En ce qui concerne la recherche relative à la compréhension en lecture, Thorndike (1917) apparaît comme un pionnier. Il faisait lire des phrases et des paragraphes par une série d'enfants et leur posait ensuite des questions. N'est-il pas étonnant que les conclusions auxquelles il a pu aboutir paraissent toujours valables et que sa méthode soit toujours utilisée dans d'importantes études sur la compréhension (S.B. Smith, 1975)? Selon Jenkinson, les carences observées ici s'expliqueraient par la complexité de l'activité de compréhension. Ne faut-il pas tenir compte, par ailleurs, de la conception généralement rudimentaire de la méthodologie de la lecture des praticiens américains? Tout se passe comme s'ils ne distinguaient pas clairement les objectifs spécifiques des différents genres de leçons de lecture. En examinant les questionnaires-types proposés par les revues spécialisées actuelles d'outre-Atlantique, dont l'objet est de tester la compréhension, nous rencontrons habituellement des items basés sur le rappel d'un contenu plus ou moins manifeste et ne réclamant aucune opération intellectuelle. A la limite, l'auteur donne parfois l'impression de conclure à la compréhension dès que les mots sont déchiffrés.
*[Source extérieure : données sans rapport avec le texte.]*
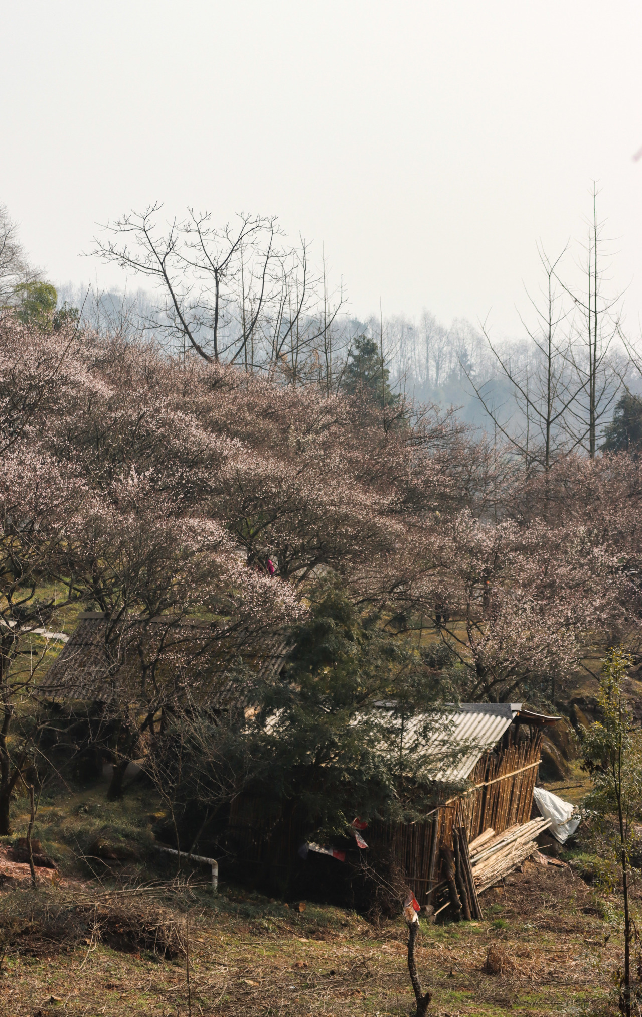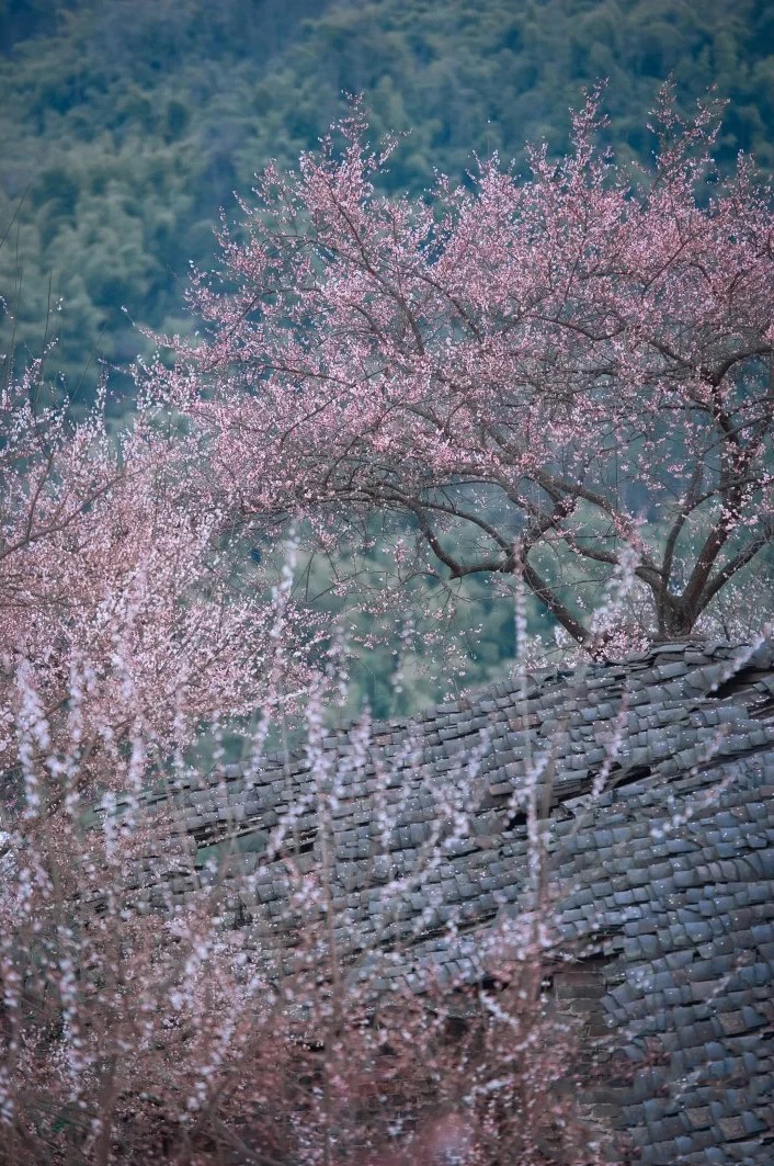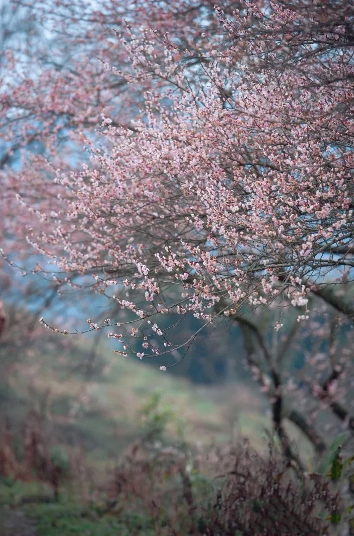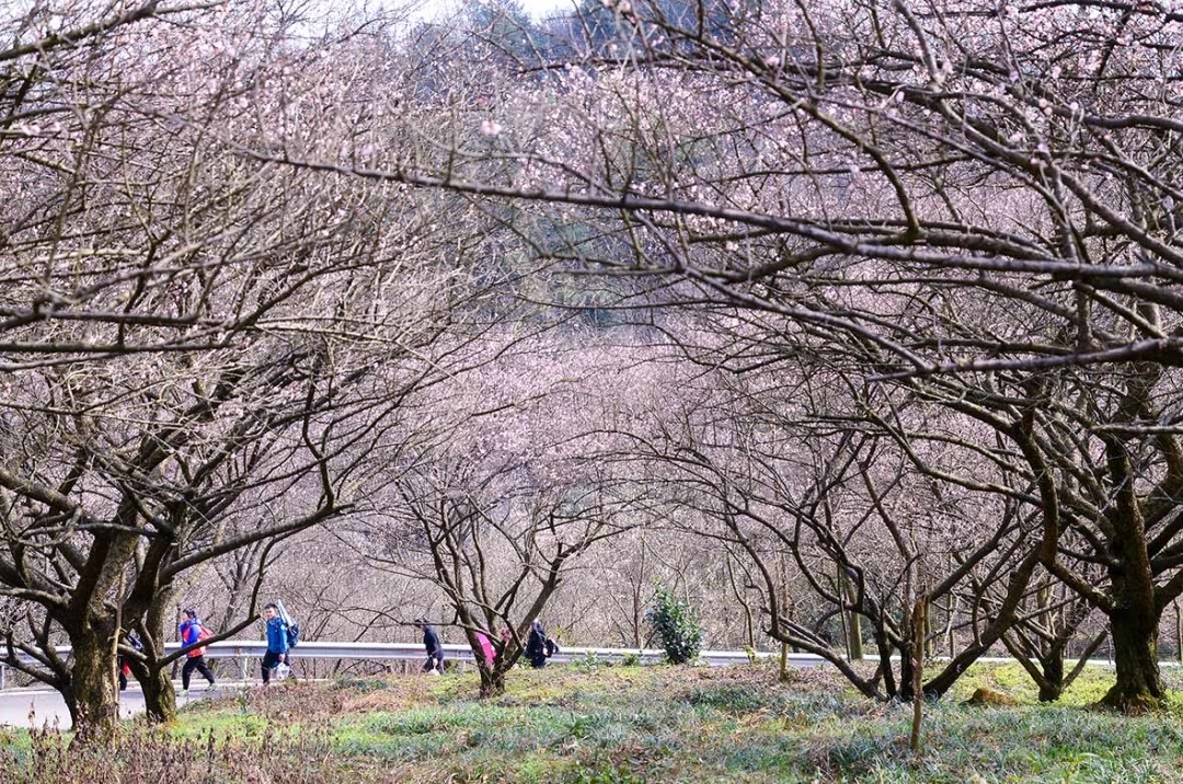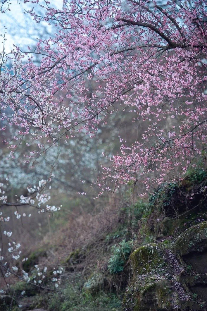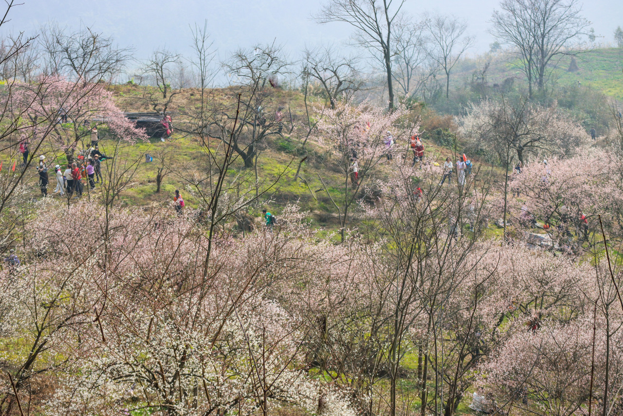 2月初鹤鸣山的乌梅花从山腰到山顶依次绽放。每年2月中旬到4月中旬,乌梅花(2月)、李子花(3月)、梨花(4月)会陆续开放。
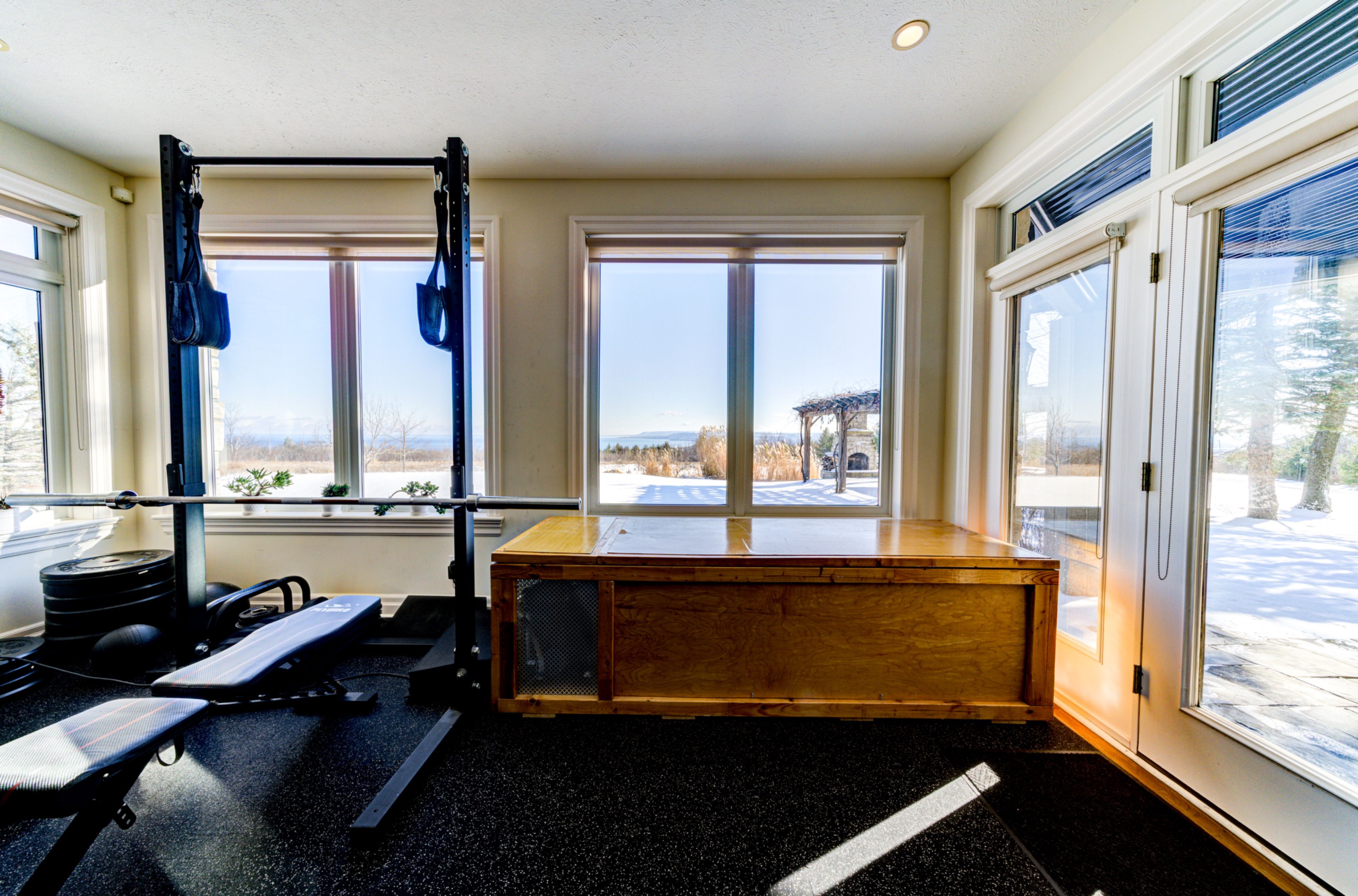 • Furnished with a sauna, cold plunge, and dedicated training room for wellness.
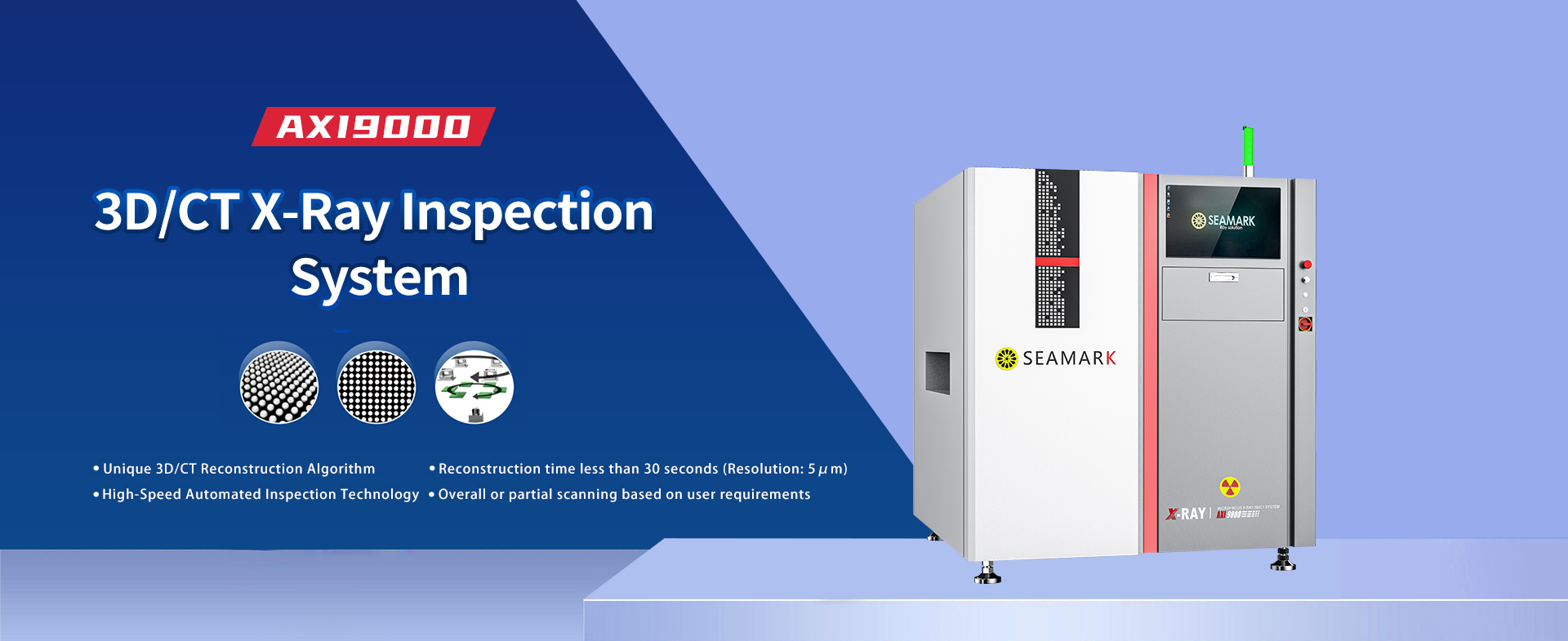 AX19000 is a high-speed CT-type fully automatic inspection system, equipped with innovative self-developed intelligent inspection software, enabling high-speed 3D inspection. It can inspect a wide range of components, including BGA, POP, LGA, QFP, CSP, CHIP, QFN, DIP inserted components, lGBT, and more. lt is capable of detecting defect such as missing components,misalignment, solder bridging, open solder joints, insufficient solder, voids, pillow effect, and other issues.
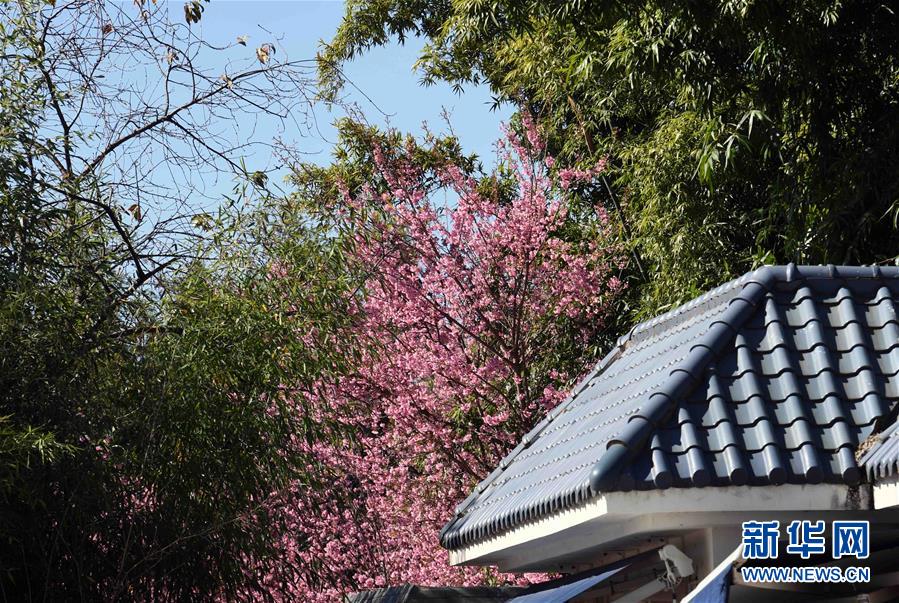 這是昆明市西山區(qū)一小區(qū)內(nèi)盛開(kāi)的櫻花(12月21日攝)。新華社記者楊宗友攝
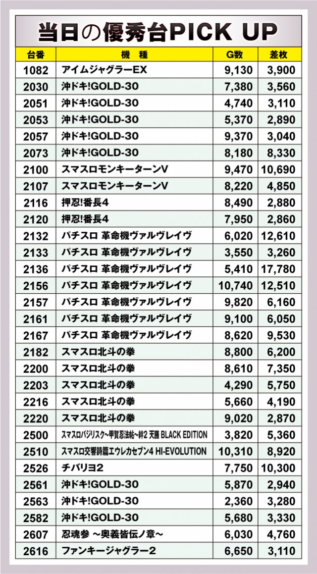 一方でスマスロの革命児『パチスロ 革命機ヴァルヴレイヴ』も優秀台が多い。しかも万枚オーバーが3台もあり、当店の本気度が分かる。
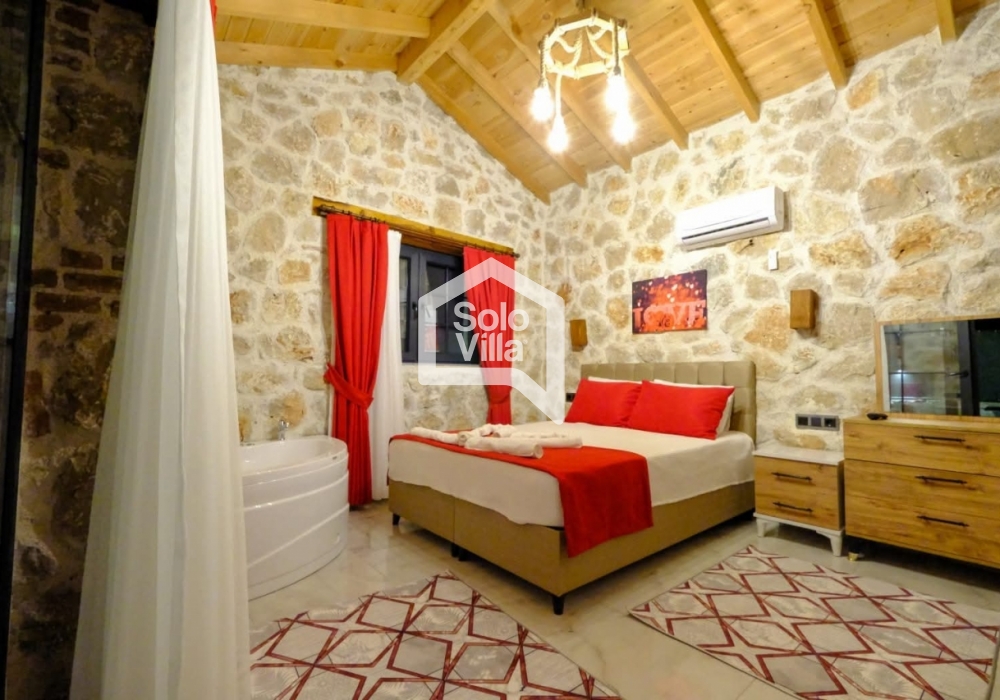La villa cuenta con 2 dormitorios. El dormitorio principal dispone de cama doble, baño privado y jacuzzi, mientras que el segundo dormitorio tiene dos camas individuales. Además, una persona puede alojarse en el sofá del salón, con una capacidad total de hasta 5 huéspedes.
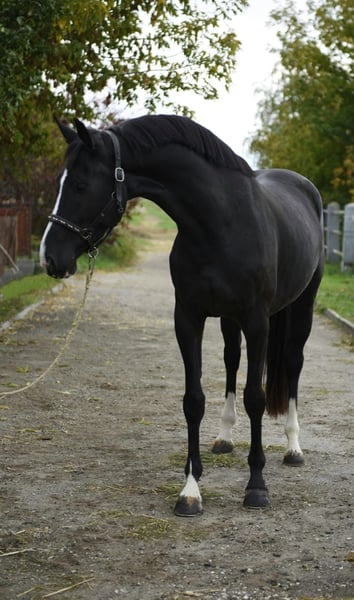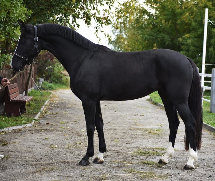 Four-year-old Black Mare — 170 cm — by Condios cc Z (Cornet x Diarado) out of Plot Blue Quick facts • Age: 4 years • Sex: Mare • Colour: Black • Height: 170 cm (approx. 16.3 hh) • Sire: Condios cc Z (Cornet x Diarado) • Dam: Plot Blue • Location: (add your preferred location) • Suitable for: sport prospects, showjumping, producing a performance foal Detailed description This elegant 4-year-old black mare is a very promising young sport horse with strong bloodlines and a scopey, athletic build. Standing at 170 cm, she combines an ideal competition height with balanced conformation, making her suitable for showjumping and sport breeding alike. Conformation and presence: She has a well-set neck, a straight topline and a powerful, well-muscled hindquarter that translates into uphill impulsion and natural scope over fences. Her legs are clean and correctly aligned with strong hooves — overall she presents as a modern sport type with attractive, classic lines and a calm, feminine expression. Movement: Her walk is ground-covering and attentive, the trot shows natural cadence with elasticity and uphill tendency, and the canter is three-tempered, roomy and honest — all qualities that point to future success in jumping and eventing. She carries herself with balance and ease, and shows good suspension and rhythm particularly in her trot. Jumping potential and temperament: Bred on performance lines (Condios cc Z — Cornet × Diarado influence), she demonstrates natural scope, carefulness, and a brave, willing attitude toward fences. She approaches jumps with good technique and uses her neck and hind end well. Her temperament is sensible and trainable: curious but not spooky, intelligent, and keen to learn. She’s easy to handle on the ground — stands quietly for grooming, tacking and farrier — and travels calmly. Training & education: Lightly backed and started under saddle with correct basics, she’s been introduced to poles and small grids and shows a steady, progressive learning curve. She responds well to a sympathetic, consistent rider and has already shown trust and confidence in new situations. (If you want the description to state specific training milestones or number of ridden months, tell me and I’ll add exact details.) Health & vet: Up to date on routine care, regularly wormed and farrier-trimmed/shod. No known soundness issues. Clean vet history (include passport, vaccination and any vet paperwork you have). Ready for a full pre-purchase vet check. Breeding & bloodlines: Sired by Condios cc Z, with Cornet and Diarado in the immediate pedigree, she carries direct influence from established jumping lines — a mix that often produces technique, scope and rideability. Her dam, Plot Blue, contributes size and substance. This combination makes her interesting both as a young competition prospect and a broodmare for producing future performance offspring. Ideal owner / competition plan • Amateur riders looking to produce a careful, reliable FEI prospect. • Professional riders or yards searching for a young horse to bring on for 1.30m+ classes. • Breeders who want a modern performance mare with strong sire lines. Why she stands out • Modern sport type at a competition-ready height (170 cm). • Excellent uphill canter and natural scope for jumping. • Trainable, level-headed temperament and easy to handle. • Attractive pedigree with Condios cc Z (Cornet × Diarado) influence. Sale terms & contact Price and sale terms available on request. She will be sold with passport and routine vet documentation. Available to view by appointment — happy to provide additional photos, video of flatwork and jumping, and arrange a vet check. Contact: (add your phone / email / WhatsApp here) ⸻ If you like, I can: • Tailor this text for a classified ad (shorter) or a web-page listing (longer with bullet sections). • Add a competition résumé or a rider testimonial section.

L'interprétation des idées est bien souvent évaluée à l'aide de questions ouvertes qui imposent à l'élève un travail de rédaction (quand on ne lui demande pas tout simplement d'exprimer des opinions personnelles alors que les éléments nécessaires à leur élaboration ne figurent pas dans le texte de référence).
M.S. Johnson et R.A. Kress (1970) estimaient que la difficulté à laquelle on se heurte, lors de l'établissement de niveaux distincts de compréhension, réside dans la variabilité des critères utilisés pour leur évaluation. Ils pensaient que les enseignants sont habituellement trop peu exigeants. C'est ainsi que de nombreux élèves, après avoir été jugés capables d'une lecture autonome, n'arrivaient toujours pas à résoudre les problèmes posés par l'interprétation du message écrit. Les auteurs définissaient le niveau d'autonomie en fonction des possibilités des sujets à se débrouiller seuls dans l'exploitation du matériel de lecture. A ce stade, ils devraient être capables, d'une part, de répondre tant aux questions se rapportant au contenu factuel qu'à celles exigeant une opération mentale et, d'autre part, d'appliquer l'information à d'autres situations. La performance de l'élève devrait correspondre, en ce qui concerne la compréhension, à un indice de maîtrise de 90 % pour chaque objectif. Nous ne trouvons cependant pas la moindre précision quant à la méthode grâce à laquelle une telle compétence serait développée et les objectifs opérationnels ne sont pas spécifiés. On comprend, dès lors, que W. Hill (1974) qui a dénoncé, lui aussi, de sérieuses déficiences sur le plan de la prise d'informations, pût douter de l'influence de l'évaluation de maîtrise sur la qualité de l'enseignement de la lecture.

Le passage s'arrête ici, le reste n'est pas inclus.